One of the best things about “Dalíland,” Mary Harron’s amused and amusing fictional look at the singular Salvador Dalí, is that it isn’t a cradle-to-grave exhumation. Instead, the movie focuses on a period in Dalí’s later years when he was widely, wrongly and seemingly permanently eclipsed both by the commercial profile of his art and by the flamboyant scandal he had made of his life. Harron’s result is less a consummate portrait and more a distillation of a sensibility, as if she had dropped Dalí in an alcohol still to extract his very essence.
The man, the myth and the mustache are all here, albeit modestly. Harron’s path into Dalí’s world is through an invented character, James (the newcomer Christopher Briney), who’s recently landed a job at the artist’s New York gallery. An anodyne pretty boy, James serves as a proxy for the viewer, a wide-eyed tourist in a seductively foreign land. He enters partly by chance, although his looks and good timing help: Dalí (Ben Kingsley), who’s struggling to produce sufficient new work for an upcoming show, recruits James as an assistant, ushering him into the frantic, at times funny and often bleak bacchanalia of the movie’s title.
Much of the story takes place in 1974, starting with one of Dalí’s customary winter sojourns at the St. Regis Hotel in New York. There, in a spacious suite wreathed in cigarette smoke and throbbing with rock music, he and his formidable, sometimes terrifying wife, Gala (Barbara Sukowa), preside over a glittery circus that’s populated by beautiful people and supplicating waiters, and watched over by Dalí ’s longtime aide, Captain Moore (Rupert Graves). Amid the ostrich boas, flowing Champagne and lines of coke, the slack-jawed James meets hangers-on like Alice Cooper (Mark McKenna) as well as the artist’s muse Amanda Lear (Andreja Pejic), and one exceedingly dull love interest, Ginesta (Suki Waterhouse).

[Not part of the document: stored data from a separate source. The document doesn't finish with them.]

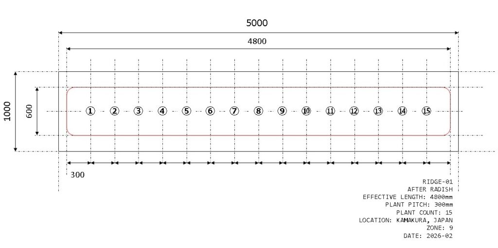 内容 :畝設計・配置確定・植え付け
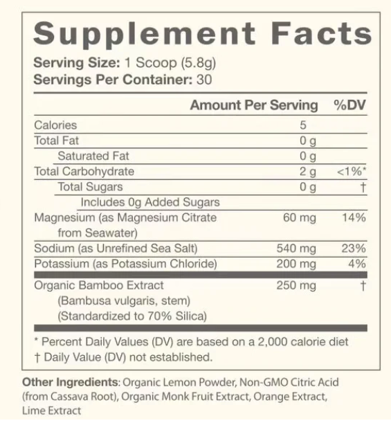 This is more than JUST an electrolyte drink. It’s loaded with essential trace minerals that hydrate the cells, skin, and tissues for full body hydration. With unrefined sea salt from Utah and magnesium harvested from seawater off the coast of Ireland, this comes packed with an abundance of natural trace minerals that our body needs for proper electrolyte balance and cellular function. It is then topped off with some bamboo which is one of natures highest sources of silica. Silica can help support bringing hydration to the skin and tissues.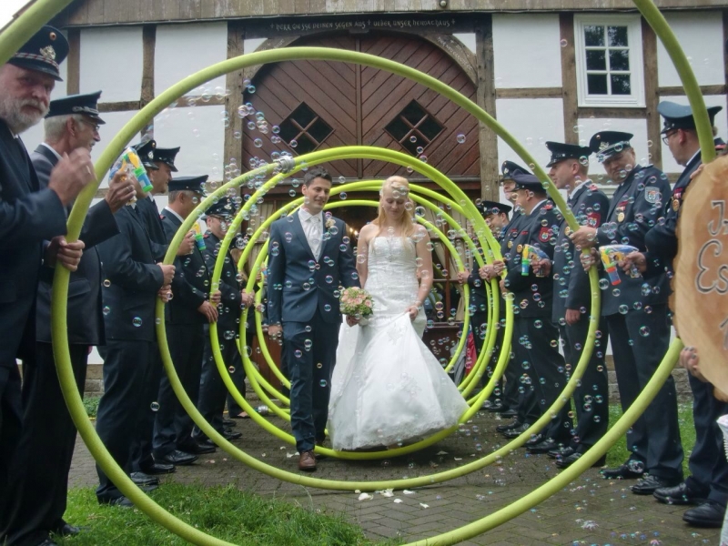 "Daniel Esser (Programmierer, 32) und Iris Budde (Erzieherin, 30) sind beide in der Feuerwehr aktiv und haben sich über die Feuerwehr kennengelernt. Und so haben sie die Kameraden nach der Trauung am Samstag im Heimathaus mit einem Spalier aus C-Schläuchen und bunten Seifenblasen empfangen. Gleich darauf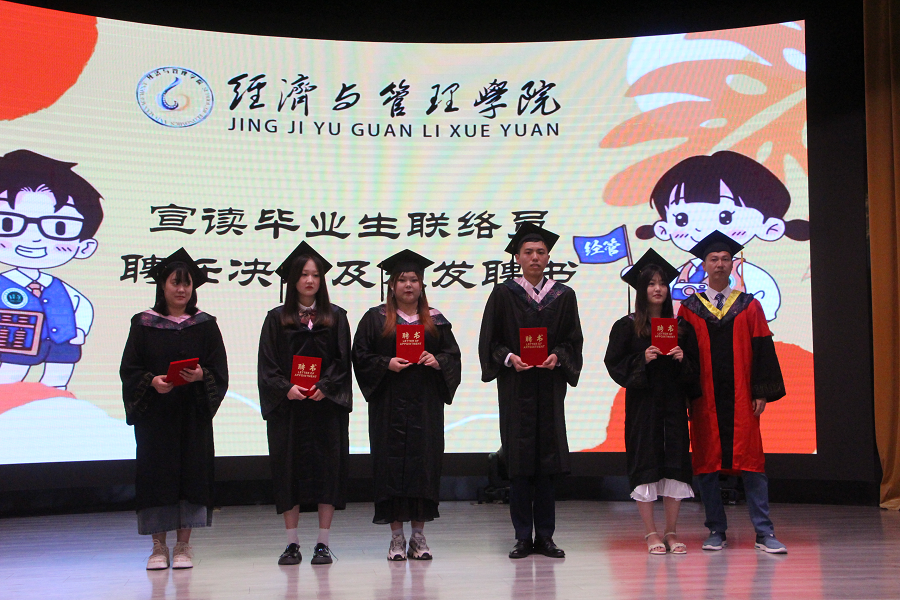 会议第二项,毛洪涛副院长宣读经济与管理学院校友联络员聘任决定。为进一步加强校友之间、校友与母校之间的联系,培养在校生校友意识,充分发挥校友的桥梁与纽带作用,根据校友联络员选聘办法的要求,经班级推荐,学院审核,决定聘任苟浩瀚等10位同学为2023届毕业生校友联络员,由涂淼副院长为他们颁发聘书并对全体毕业生寄语希望,希望大家主动支持校友联络员的工作,各校友联络员要不负学院重托,不忘职责使命,把本届校友联络好、组织好、团结好,密切保持与学院的联系,为母校的建设、发展和校友事业的进步贡献力量。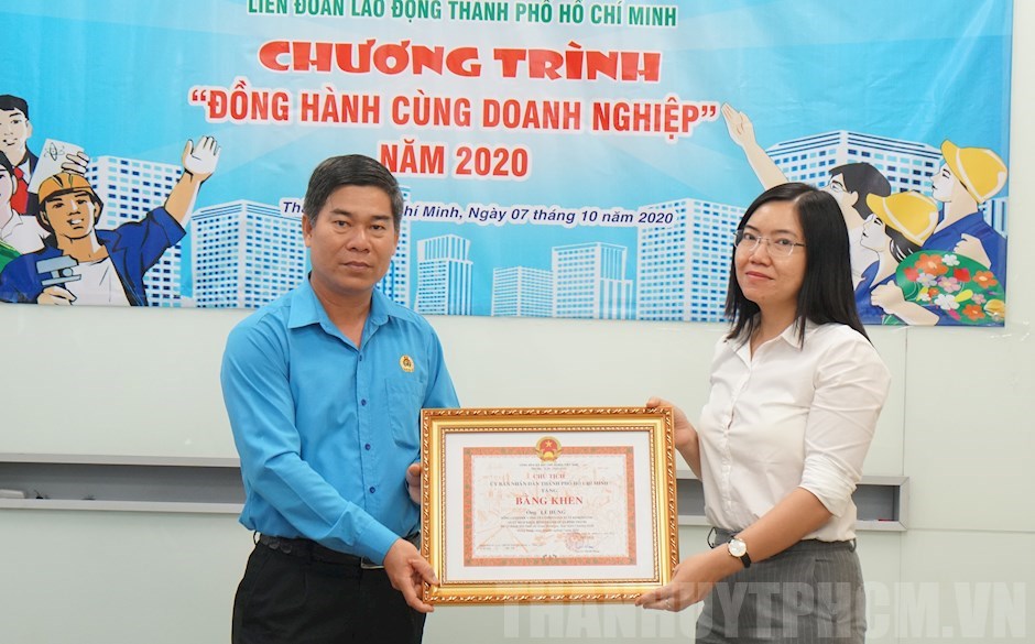 Dịp này, Phó Chủ tịch Liên đoàn Lao động TP Phạm Chí Tâm đã trao Bằng khen của UBND TP và biểu trưng khen thưởng của Liên đoàn Lao động Thành phố cho đại diện Ban Giám đốc Công ty vì đã chấp hành tốt pháp luật, có chính sách và chăm lo tốt cho công nhân lao động góp phần vào sự phát triển chung của TPHCM.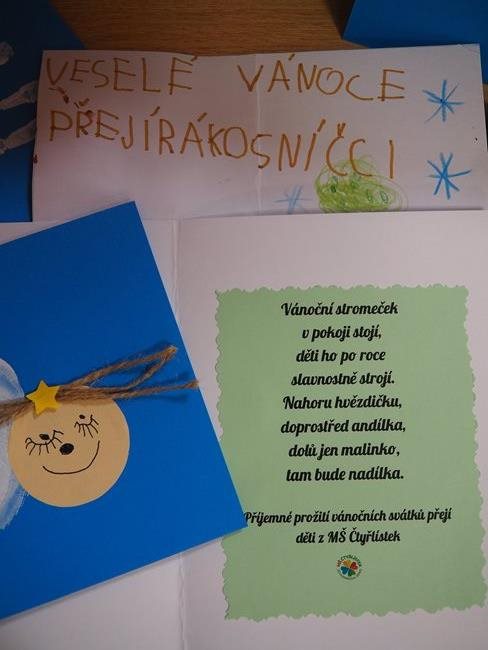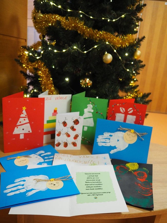 Děkujeme dětem z Mateřské školy Čtyřlístek (Horníkova) za ručně vyráběná přáníčka k vánočním svátkům, která udělala klientům radost.

James isn’t all that interesting, either, and there’s too much of him in the movie. This isn’t Briney’s fault; he’s pleasant to look at, and he manages his transition from tourist to accidental Dalí-wood guide well enough. It’s just that once Dalí and Gala swan in, they immediately and rightly become the only characters you want to spend time with. They’re entertaining, for one, having long settled into roles that feed their public profiles and public relations: She’s the money-grubbing dominatrix while he alternately cowers, begs for her attention and upstages her. The relationship provides tension and mystery that the well-matched Kingsley and Sukowa complicate with gargoyle masks and shocks of vulnerability.